He was also an industrial engineer who worked seventy hours a week for a company that made, among many other items, ladders. Because by their very nature ladders are dangerous devices, his company became a frequent target of lawsuits. And because he handled design, my father was the favorite choice to speak for the company in depositions and trials. I can't say that I blame him for hating lawyers, but I grew to admire them because they made his life so miserable. He'd spend eight hours haggling with them, then hit the martinis as soon as he walked in the door. No hellos. No hugs. No dinner. Just an hour or so of continuous bitching while he slugged down four martinis then passed out in his battered recliner. One trial lasted three weeks, and when it ended with a large verdict against the company my mother called a doctor and they hid him in a hospital for a month.
The company later went broke, and of course all blame was directed at the lawyers. Not once did I hear any talk that maybe a trace of mismanagement could in any way have contributed to the bankruptcy.
Liquor became his life, and he became depressed. He went years without a steady job, which really ticked me off because I was forced to wait tables and deliver pizza so I could claw my way through college. I think I spoke to him twice during the four years of my undergraduate studies. The day after I learned I had been accepted to law school, I proudly returned home with this great news. Mother told me later he stayed in bed for a week.
Two weeks after my triumphant visit, he was changing a lightbulb in the utility room when (I swear this is true) a ladder collapsed and he fell on his head. He lasted a year in a coma in a nursing home before someone mercifully pulled the plug.
Several days after the funeral, I suggested the possibility of a lawsuit, but Mother was just not up to it. Also, I've always suspected he was partially inebriated when he fell. And he was earning nothing, so under our tort system his life had little economic value.

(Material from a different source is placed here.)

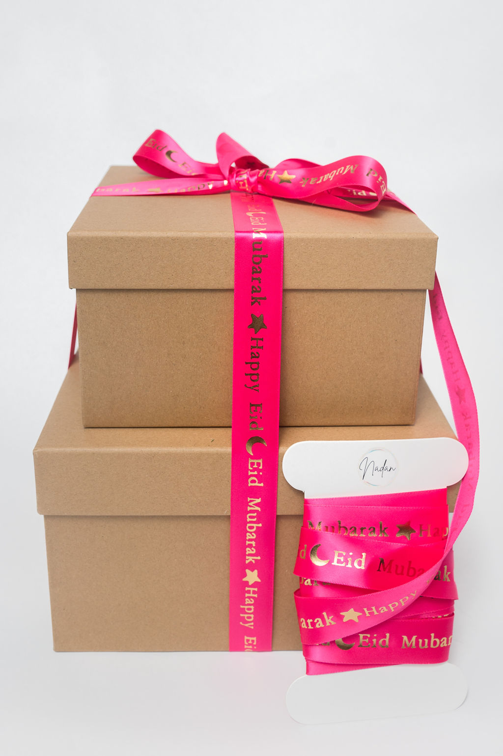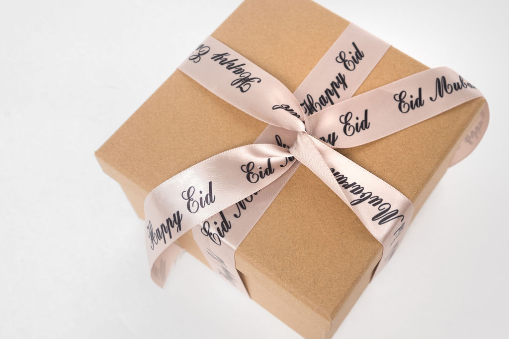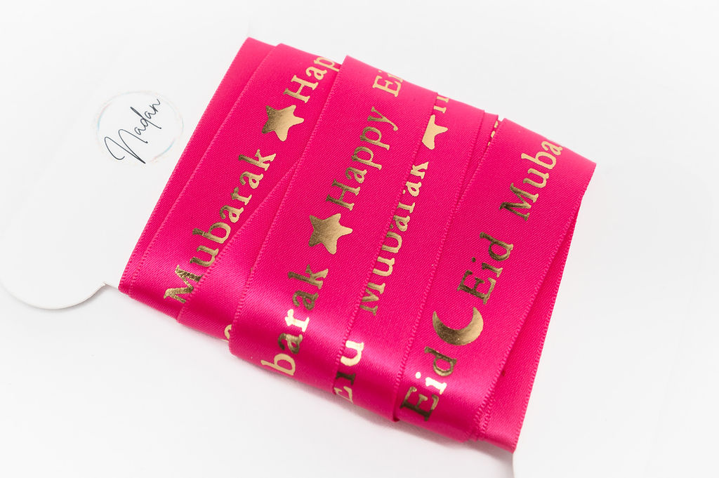 A Soft weave and glossy satin ribbon will bring charm to your box/presents comes in neutral and bright colours with gold and black font.

My mother received a grand total of fifty thousand dollars in life insurance, and remarried badly. He's a simple sort, my stepfather, a retired postal clerk from Toledo, and they spend most of their time square dancing and traveling in a Winnebago. I keep my distance. Mother didn't offer me a dime of the money, said it was all she had to face the future with, and since I'd proven rather adept at living on nothing, she felt I didn't need any of it. I had a bright future earning money; she did not, she reasoned. I'm certain Hank, the new husband, was filling her ear full of financial advice. Our paths will cross again one day, mine and Hank's.
I will finish law school in May, a month from now, then I'll sit for the bar exam in July. I will not graduate with honors, though I'm somewhere in the top half of my class. The only smart thing I've done in three years of law school was to schedule the required and difficult courses early, so I could goof off in this, my last semester. My classes this spring are a joke: Sports Law, Art Law, Selected Readings from the Napoleonic Code and, my favorite, Legal Problems of the Elderly.

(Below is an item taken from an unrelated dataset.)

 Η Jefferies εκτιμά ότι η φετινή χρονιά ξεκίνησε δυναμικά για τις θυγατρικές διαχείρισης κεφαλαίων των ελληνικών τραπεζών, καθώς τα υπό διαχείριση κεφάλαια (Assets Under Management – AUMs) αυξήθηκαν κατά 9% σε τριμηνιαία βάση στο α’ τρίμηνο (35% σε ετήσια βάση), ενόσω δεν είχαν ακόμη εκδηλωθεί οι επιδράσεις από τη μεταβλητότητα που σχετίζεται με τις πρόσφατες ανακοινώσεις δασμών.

It is this last selection that has me sitting here in a rickety chair behind a flimsy folding table in a hot, damp, metal building filled with an odd assortment of seniors, as they like to be called. A hand-painted sign above the only visible door majestically labels the place as the Cypress Gardens Senior Citizens Building, but other than its name the place has not the slightest hint of flowers or greenery. The walls are drab and bare except for an ancient, fading photograph of Ronald Reagan in one corner between two sad little flagstone, the Stars and Stripes, the other, the state flag of Tennessee. The building is small, somber and cheerless, obviously built at the last minute with a few spare dollars of unexpected federal money. I doodle on a legal pad, afraid to look at the crowd inching forward in their folding chairs.
There must be fifty of them out there, an equal mixture of blacks and whites, average age of at least seventy-five, some blind, a dozen or so in wheelchairs, many wearing hearing aids. We were told they meet here each day at noon for a hot meal, a few songs, an occasional visit by a desperate political candidate. After a couple of hours of socializing, they will leave for home and count the hours until they can return here. Our professor said this was the highlight of their day.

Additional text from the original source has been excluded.